They are unfocused. Need to stop with the mba playbook moves like this and just make the model worth paying for.

matusp|2 months ago

They don't have any more juice left to squeeze at that front. The lack of new ideas in LMs is pretty palpable by now. There is a bunch of companies with billions invested in them that are all just looking at each other, trying to figure out what to do.

Libidinalecon|2 months ago

"We need to put out maximum press releases to stay relevant because all we have is the brand" seems to be the strategy.

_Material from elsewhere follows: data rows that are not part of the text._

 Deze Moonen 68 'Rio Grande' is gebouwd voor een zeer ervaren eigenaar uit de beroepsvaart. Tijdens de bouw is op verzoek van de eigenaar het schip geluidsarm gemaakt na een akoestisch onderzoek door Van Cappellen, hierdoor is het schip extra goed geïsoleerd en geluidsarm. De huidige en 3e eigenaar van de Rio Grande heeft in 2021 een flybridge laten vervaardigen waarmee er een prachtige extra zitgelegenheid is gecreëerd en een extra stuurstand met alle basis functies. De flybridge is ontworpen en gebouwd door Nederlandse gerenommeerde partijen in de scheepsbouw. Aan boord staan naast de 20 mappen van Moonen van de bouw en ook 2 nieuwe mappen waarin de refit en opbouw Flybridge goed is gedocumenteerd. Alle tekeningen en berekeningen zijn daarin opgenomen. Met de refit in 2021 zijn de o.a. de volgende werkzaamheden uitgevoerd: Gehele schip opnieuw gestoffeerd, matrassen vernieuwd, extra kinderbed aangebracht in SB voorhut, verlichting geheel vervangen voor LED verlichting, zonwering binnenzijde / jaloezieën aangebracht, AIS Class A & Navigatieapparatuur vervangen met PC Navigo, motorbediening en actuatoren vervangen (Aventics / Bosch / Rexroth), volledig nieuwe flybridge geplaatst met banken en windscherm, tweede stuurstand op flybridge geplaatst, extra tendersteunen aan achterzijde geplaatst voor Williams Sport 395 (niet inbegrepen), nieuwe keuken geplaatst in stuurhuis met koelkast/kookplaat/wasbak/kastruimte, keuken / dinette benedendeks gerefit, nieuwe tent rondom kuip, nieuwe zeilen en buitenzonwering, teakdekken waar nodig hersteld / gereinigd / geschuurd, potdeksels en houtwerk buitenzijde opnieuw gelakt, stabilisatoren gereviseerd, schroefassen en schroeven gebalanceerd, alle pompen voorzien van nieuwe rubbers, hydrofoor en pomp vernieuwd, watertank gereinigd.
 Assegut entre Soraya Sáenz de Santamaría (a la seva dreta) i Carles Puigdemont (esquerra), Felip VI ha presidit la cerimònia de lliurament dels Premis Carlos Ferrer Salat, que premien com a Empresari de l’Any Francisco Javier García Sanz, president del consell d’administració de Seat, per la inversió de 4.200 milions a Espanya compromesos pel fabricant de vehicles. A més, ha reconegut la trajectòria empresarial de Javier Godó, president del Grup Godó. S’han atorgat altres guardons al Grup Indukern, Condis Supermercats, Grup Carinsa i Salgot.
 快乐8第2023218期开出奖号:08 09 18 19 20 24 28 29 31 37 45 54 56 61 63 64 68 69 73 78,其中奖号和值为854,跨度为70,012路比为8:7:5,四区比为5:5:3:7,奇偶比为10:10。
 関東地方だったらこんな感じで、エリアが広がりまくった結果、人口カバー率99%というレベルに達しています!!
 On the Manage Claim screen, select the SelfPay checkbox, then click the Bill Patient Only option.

To me, that is a tell they are basically cooked because catching Google in actual model performance is not really the position anyone would want to be in here in a horse race.

an0malous|2 months ago

You’re thinking like an entrepreneur, Sam thinks like a VC. For them it’s easier to sell 100 half assed ideas that could be worth a trillion dollars than to have one refined idea that’s “only” worth $10B.

alexashka|2 months ago

> They are unfocused

Stop with the MBA playbook he said.

> just make the...

Just make a superior product he said.

digitaltrees|2 months ago

They. Will. Steal. Anything. That. Works.

FergusArgyll|2 months ago

Explain how they will "steal" these apps? (currently available):

Adobe Photoshop AllTrails Booking.com Expedia Instacart OpenTable Spotify Tripadvisor Airtable Apple Music Canva Figma Lovable Replit Target Zillow

wooque|2 months ago

It doesn't work in Firefox unfortunately. Spotify app just renders grey rectangle. It works in Chrome/Brave though. Just another example of "we only test in Chrome"/"works best in Chrome".

egorfine|2 months ago

Another walled garden is what we needed, right.

glemmaPaul|2 months ago

"Ohhhh nice user traction you got there, would be awful if anyone would steal that.."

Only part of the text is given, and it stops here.